Project/Area Number |
05680294
|
Research Category |
Grant-in-Aid for General Scientific Research (C)
|
Allocation Type | Single-year Grants |
Research Field |
Intelligent informatics
|
Research Institution | Shinshu University |
Principal Investigator |
MATSUMOTO Hiroshi Shinshu University, Faculty of Engineering, Professor, 工学部・電気電子工学科, 教授 (60005452)
|
Project Period (FY) |
1993 – 1994
|
Project Status |
Completed (Fiscal Year 1994)
|
Budget Amount *help |
¥1,800,000 (Direct Cost: ¥1,800,000)
Fiscal Year 1994: ¥300,000 (Direct Cost: ¥300,000)

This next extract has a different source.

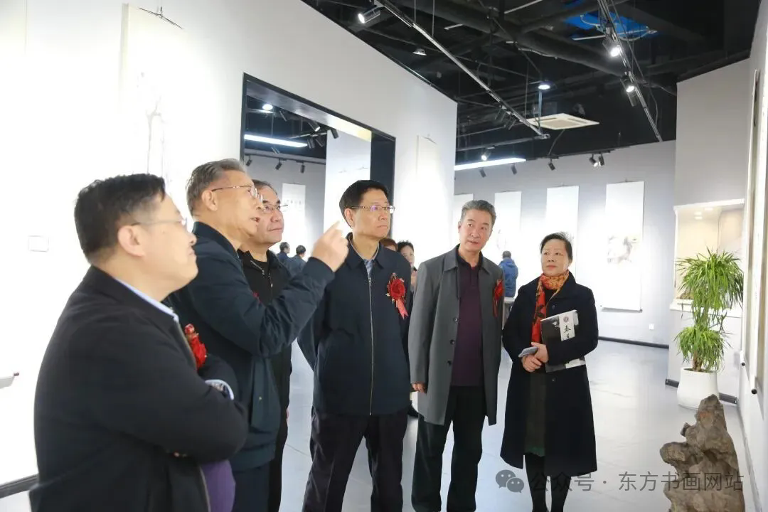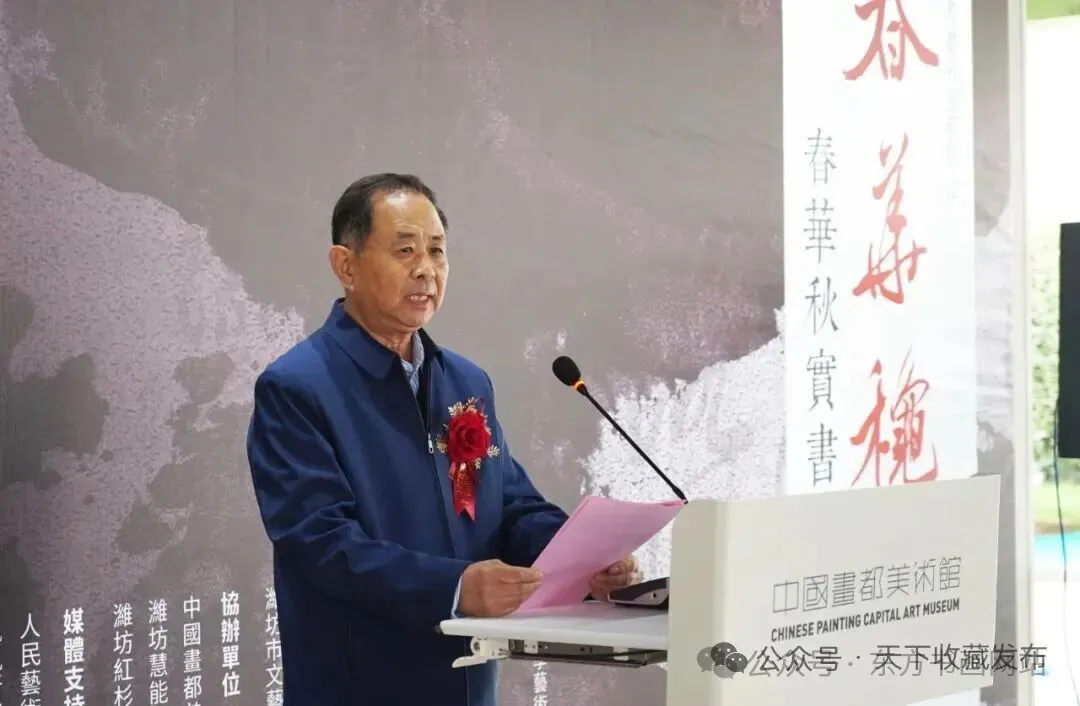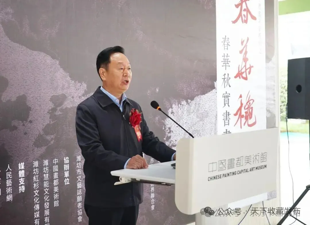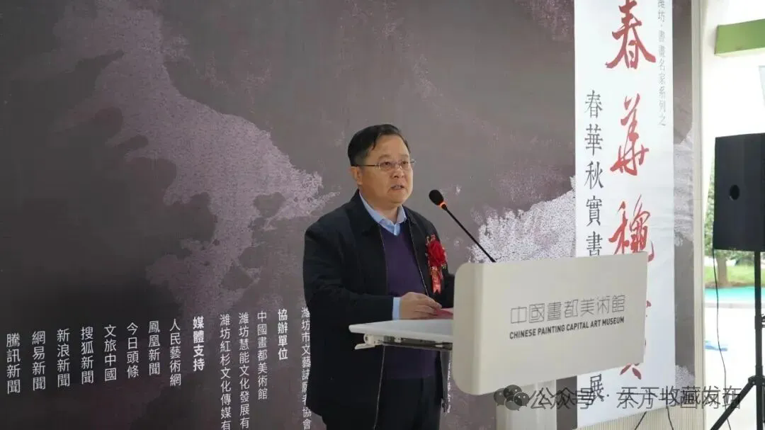 潍坊市文学艺术界联合会党组成员、二级调研员冷文清,潍坊市美术馆馆长李国祥,潍坊市技师学院原党委副书记、院长丁汉邦先后分别致辞;潍坊市书画家联谊会主席孙学科主持并介绍了书画精品展展览情况;潍坊市政协原党组成员、副主席刘树亮宣布“更好潍坊·春华秋实”书画精品展开幕。潍坊市文学艺术界联合会党组成员、⼆级调研员冷文清致辞潍坊市书画家联谊会主席孙学科主持开幕式并介绍展览情况 出席此次开幕式的领导嘉宾有:市政协原党组成员、副主席刘树亮,市技师学院原党委副书记、院长丁汉邦,市政协原常委、经济委副主任、市应急局原二级巡视员王云华,市政协原常委、经济委副主任、市国资委原二级巡视员张长坤,奎文区人大原党组书记、主任、原二级巡视员冯天韬,市人大原常委、社会建设委副主任、市总工会常务副主席郭召义,市统计局原党组书记、局长侯方武,市技师学院原党委副书记、副院长韦民,市财政局原副局长、一级调研员马进礼,市税务局原副局长、一级调研员沈彦,市文学艺术界联合会党组成员、二级调研员冷⽂清,市美术馆馆长李国祥,省美术家协会理事、市美术家协会副主席段孝敏,市文艺志愿者协会主席曹红军,市文联主席团委员、市文艺两新发展促进会会长郭宝义,市无人机航拍协会副会长李红军,市书画家联谊会主席孙学科,市书协副秘书长、市书画家联谊会副主席张景耀,市书画家联谊会副主席刘晓平、岳介中、衣军、姚志民、毕德瑞、徐中立、解荣德、韩介国,秘书长刘恩泰,以及书画爱好者、社会各界朋友近200人,共同见证了这一文化盛事。 此次展览展出了14位潍籍书画艺术家的近百幅书画精品。一幅幅精美的书画作品或笔力苍劲,或墨韵灵动,或色彩斑斓,生动展现了潍坊深厚的文化底蕴和独特的艺术魅力。艺术家们以精湛的技艺,通过书画形式描绘潍坊的自然风光、人文风貌,抒发对家乡的热爱之情,为观者带来一场视觉与心灵的文化盛宴。 笔墨追随时代,艺术服务人民。此次书画精品展的举行,不仅展示了潍坊书画艺术的丰硕成果,为书画爱好者提供了交流学习的平台,也为传承和弘扬优秀传统文化注入了活力。 相信通过这次展览,对潍坊的书画事业必将起到积极的促进作用,“更好潍坊”的美好愿景也将在艺术的滋养下越来越好。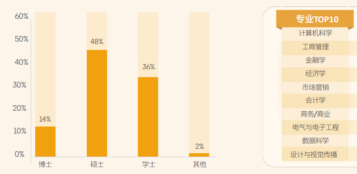 数据显示,2023年毕业的中国留学生中,硕士群体占比最高,占总人数的48%;其次为学士学位,占比36%;还有14%的学生攻读博士学位。

Fiscal Year 1993: ¥1,500,000 (Direct Cost: ¥1,500,000)
|
Keywords | Speech Recognition / Hidden Markov Model / Noisy Environments / Frequency Weighting / Euclidean Distance / Noise Robustness |
Research Abstract |
In order to realize robust continuous density Hidden Markov Models (HMM) for noisy speech recognition, this study develops a frequency-weighted HMM based on the human auditory characteristics which is seseitive to formant peaks in high SNR frequency region. In this HMM,the covariance matrices of Gaussian probability density functions are fixed to the inverse of frequency weighting matrices in order to utilize the robustness of group delay spectra and also to incorporate their relative perceptual importance in frequency domain into HMM.Several frequency weighting functions and the scaling methods of frequency weighting matrices are examined using the international data base of NOISEX-92. The results of word recognition tests are summarized as follows. (1) The smoothed power spectrum derived from each mean vector gives the most robust HMM. (2) The optimum scaling to convert the weighting matrices to the covariance matrices is such that the sum of weighting coefficients is equal to one or the determinants of the converted covariances are 50 to 150 times larger than those of initial HMMs. (3) A larger number of states is required to attain the robustness in the frequency-weighted HMM. (4) Adaptive preemphasis improves the robustness to noises which have less energy in the high frequency region. (5) The frequency-weighted HMM attains SNR gains of 6 to 12 dB over a standard diagonal HMM for white, pink, and car noises. (6) Even when preprocessing the noisy speech by the standard noise reduction method of spectral subtraction, the frequency weighted HMM attains about 10% higher recognition scores in very low SNR condition than the conventional HMM.
|